Registre RGPD du sous-traitant
Agences, éditeurs SaaS, cabinets : si vous traitez des données pour le compte de clients, l'article 30 §2 vous impose un registre distinct. Voici son texte, ce qui le différencie du registre du responsable, et le piège de la sous-traitance ultérieure.
Mis à jour le 2026-07-10 · Lecture 5 min
Au sommaire
Êtes-vous sous-traitant ?
Vous êtes sous-traitant dès que vous traitez des données personnelles pour le compte d'un autre organisme, sur ses instructions, sans en définir vous-même les finalités. Une agence web qui héberge le site de son client, un éditeur SaaS, un cabinet comptable, un prestataire de support : tous sont sous-traitants au sens de l'article 4 §8.
La qualification ne dépend ni de votre taille, ni de votre contrat commercial, mais du pouvoir de décision sur les finalités. Beaucoup d'organisations sont les deux à la fois : responsables pour leur paie et leur prospection, sous-traitantes pour les données de leurs clients. Elles tiennent alors deux registres distincts.
Ce qu'exige l'article 30 §2
- a) le nom et les coordonnées du ou des sous-traitants et de chaque responsable du traitement pour le compte duquel le sous-traitant agit ainsi que, le cas échéant, les noms et les coordonnées du représentant du responsable du traitement ou du sous-traitant et celles du délégué à la protection des données ;
- b) les catégories de traitements effectués pour le compte de chaque responsable du traitement ;
- c) le cas échéant, les transferts de données à caractère personnel vers un pays tiers ou à une organisation internationale […] ainsi que les documents attestant de l'existence de garanties appropriées ;
- d) dans la mesure du possible, une description générale des mesures de sécurité techniques et organisationnelles […].
Quatre différences avec le registre du responsable
| Critère | Registre du responsable (§1) | Registre du sous-traitant (§2) |
|---|---|---|
| Unité de description | Le traitement (une finalité) | La catégorie de traitement, par client |
| Finalité | Obligatoire | Non exigée — elle appartient au client |
| Personnes concernées et données | Obligatoire | Non exigée explicitement |
| Clients / responsables | Sans objet | Chacun nommé, avec ses coordonnées |
La sous-traitance ultérieure : le point qui coûte cher
Si vous confiez une partie du traitement à un autre prestataire (hébergeur, outil d'emailing, service de sauvegarde), vous devez une autorisation écrite du responsable (article 28 §2) et vous restez pleinement responsable devant lui (article 28 §4). Votre registre de sous-traitant doit donc refléter votre propre chaîne d'outils : chaque SaaS que vous utilisez pour servir vos clients est un sous-traitant ultérieur.
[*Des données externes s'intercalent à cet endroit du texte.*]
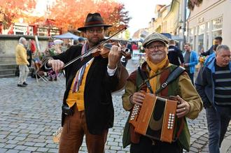 Zum Herbst- und Bauermakrt wird es wieder lustige Straßenmusik geben - wie 2024 vom Duo Liedfass.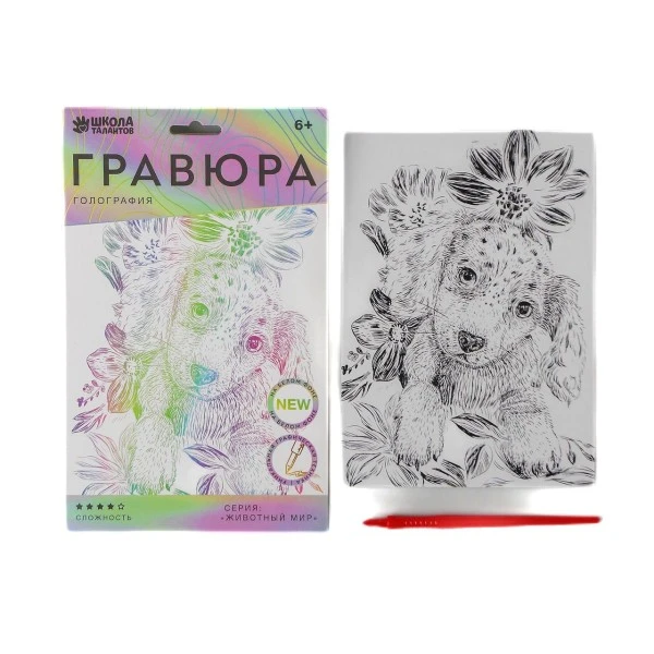 Données techniques pour Chiot Beagle Chien Scratch Art Kit de BRICOLAGE, Argent Métallisé Effet Holographique, Gravure Trous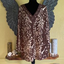 Vintage Animal Print With Jewels Long Blouse Shirt
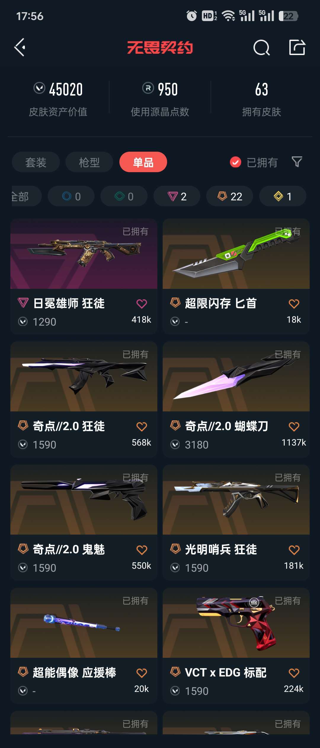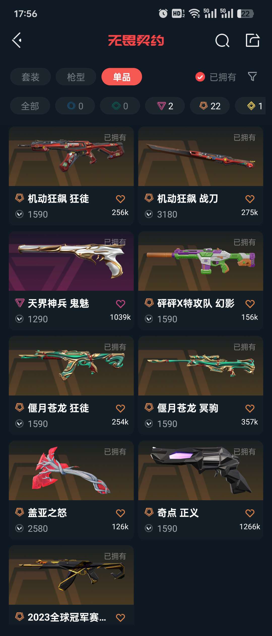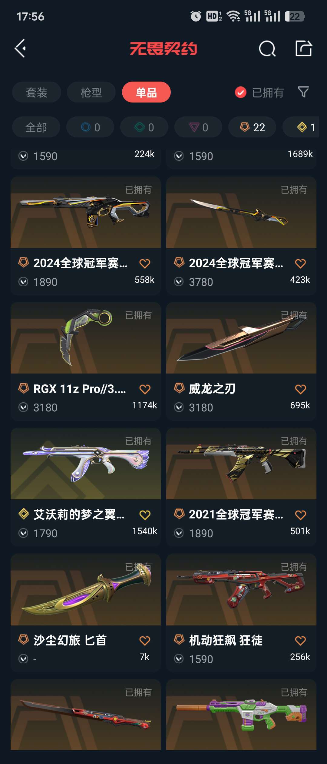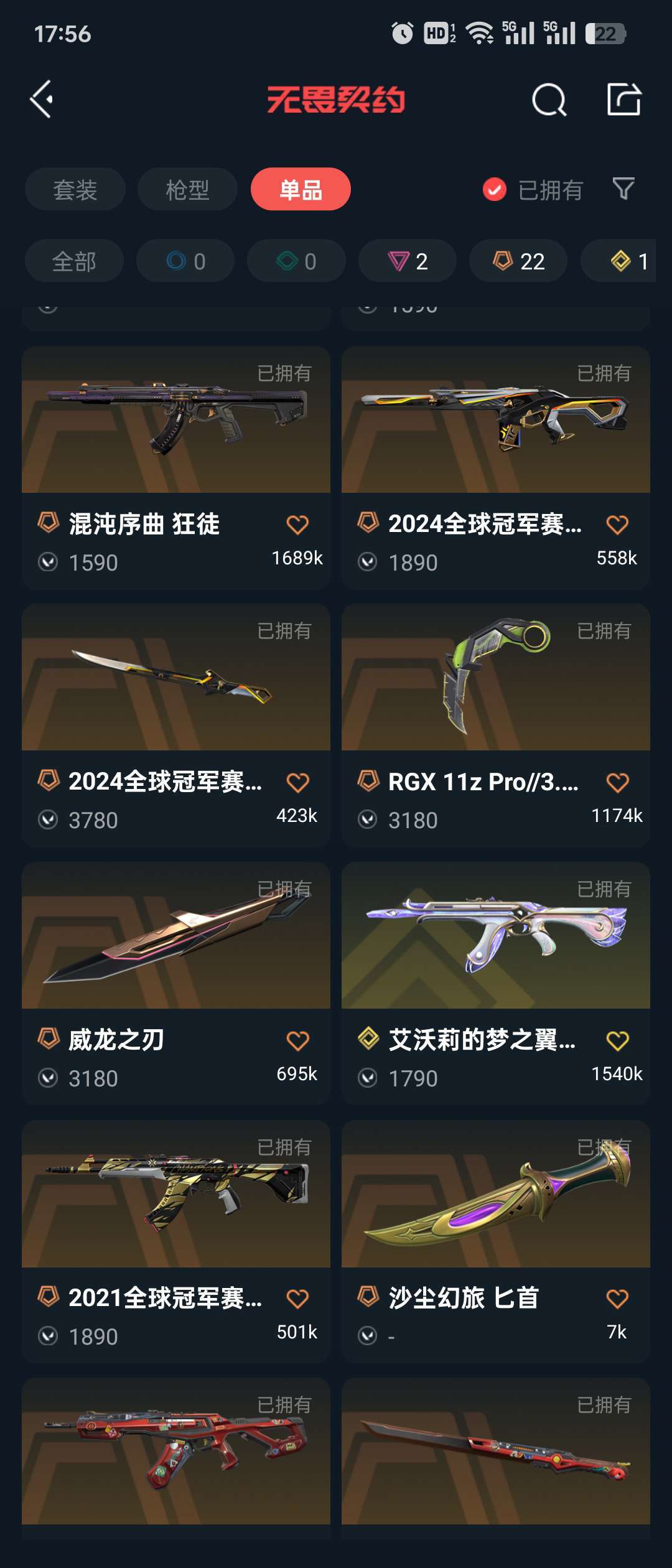 传奇数量:22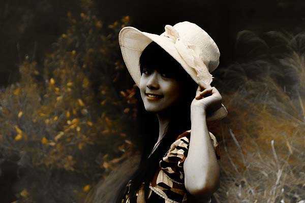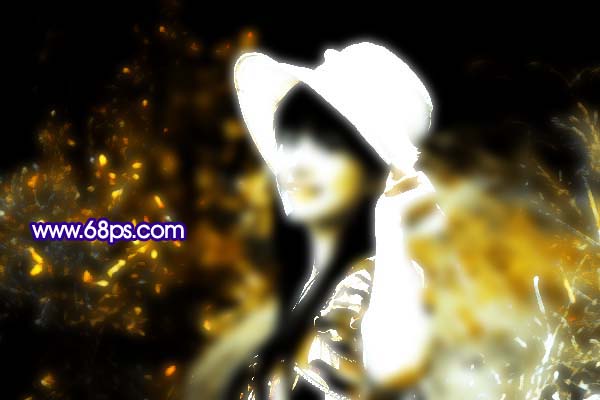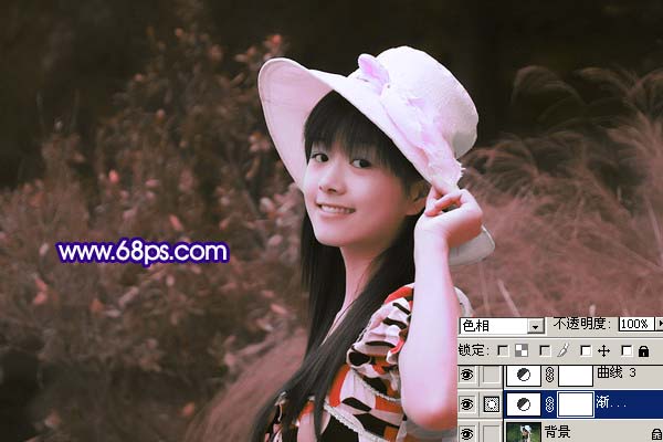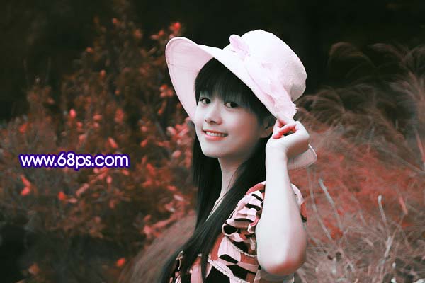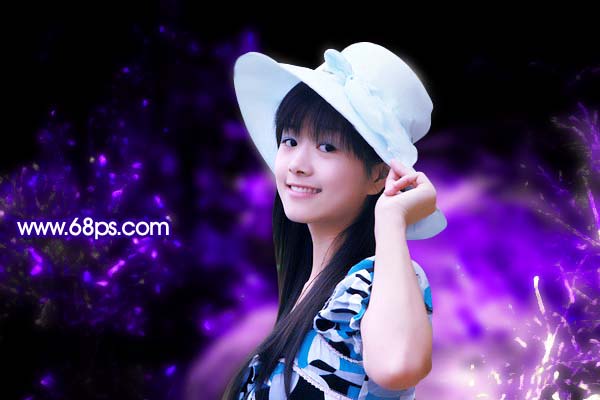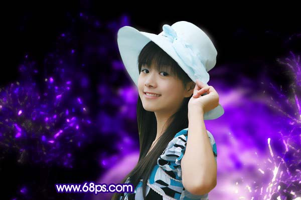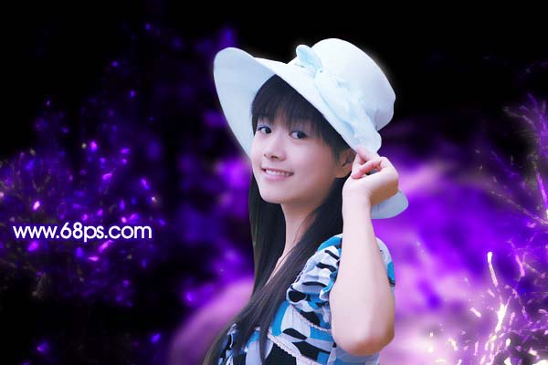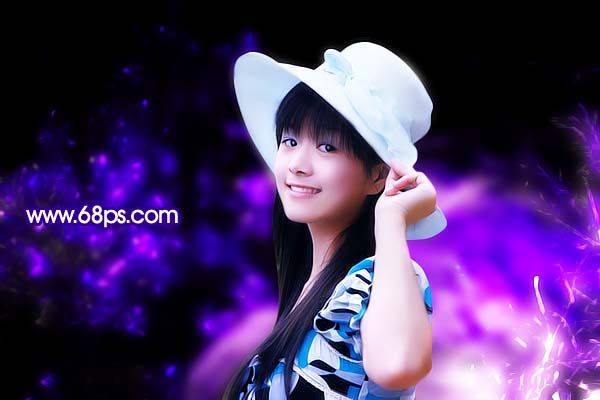 原图素材背景部分比较暗,比较适合做梦幻效果。简单思路:把背景部分模糊处理后调成自己喜好的颜色,然后调整人物的颜色,色彩可以按照自己的喜好调整。最后装饰一些梦幻元素即可完成效果。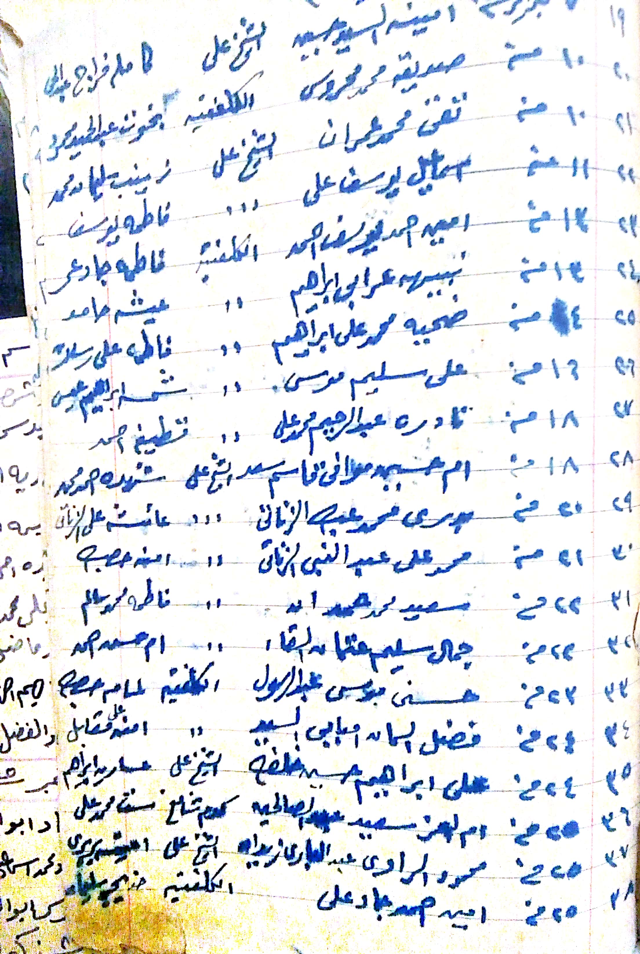 “محنة كورونا مش هتكون أبدا زي الكوليرا.. الناس كانت تتكب زي الفروج على طول”، بلهجة صعيدية حكا الجد محمد محمود طه، عامل تليفونات، ولديه قوائم بأسماء ضحايا الكوليرا في ذلك الوقت.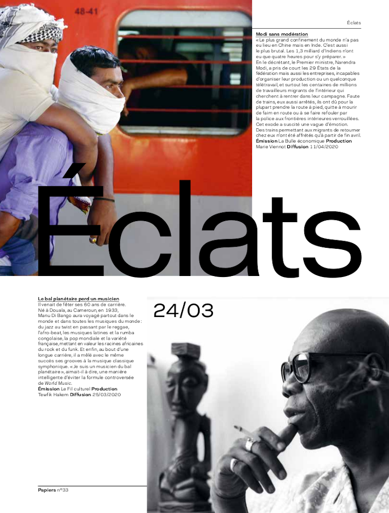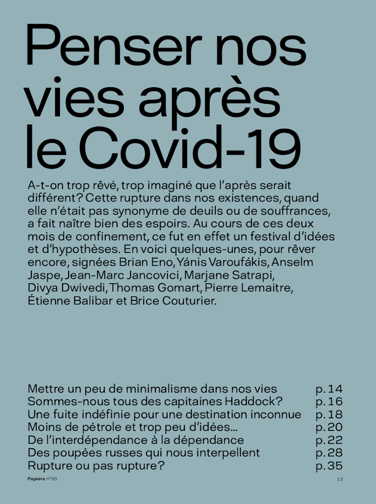 Autre dossier : Que seront nos vies après le Covid-19 ? Avec les réflexions du musicien Brian Eno, de Thomas Gomart, d’Étienne Balibar, de Marjane Satrapi et de bien d’autres.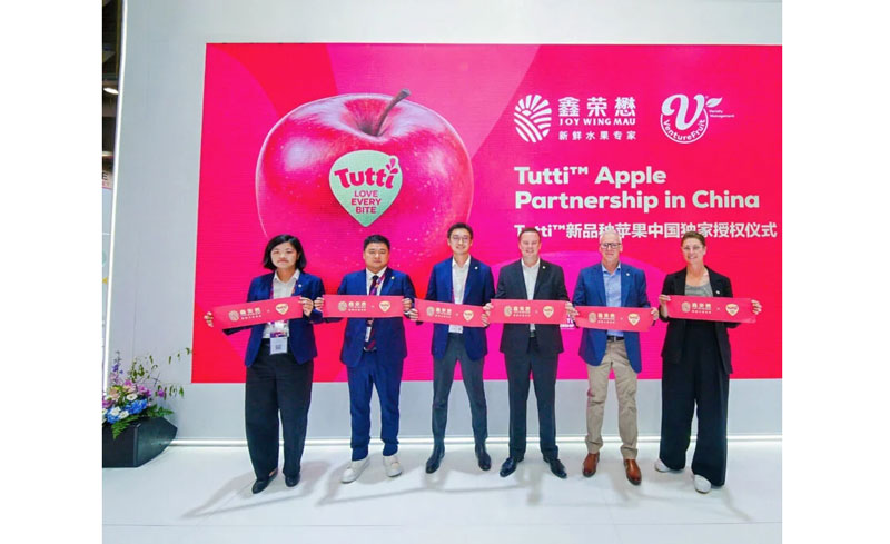 Las manzanas de la variedad HOT84A1, con nombre comercial Tuttiโข, la primera variedad de manzana del mundo creada especรญficamente para tolerar climas cรกlidos, dan un nuevo paso en su expansiรณn internacional. VentureFruit, socio estratรฉgico para la comercializaciรณn de las variedades del Hot Climate Partnership, ha firmado un acuerdo con la empresa Joy Wing Mau, uno de los principales productores y distribuidores de fruta de China, que prevรฉ plantar 300 hectรกreas de manzanos Tuttiโข.

Transferts : les prouver, pas les affirmer
Le point c) exige les « documents attestant de l'existence de garanties appropriées ». Un registre qui écrit « CCT » sans référencer la version des clauses, la date de signature et le module retenu ne prouve rien. Consultez le détail des mécanismes de transfert par SaaS.
Tenir les deux registres sans double saisie
Le palier Agence de RoPA Pilot gère jusqu'à dix organisations dans le même navigateur : une par client responsable, plus la vôtre. Chaque registre a son cartouche, son historique horodaté et son export PDF en marque blanche — utile quand le livrable porte le logo du cabinet.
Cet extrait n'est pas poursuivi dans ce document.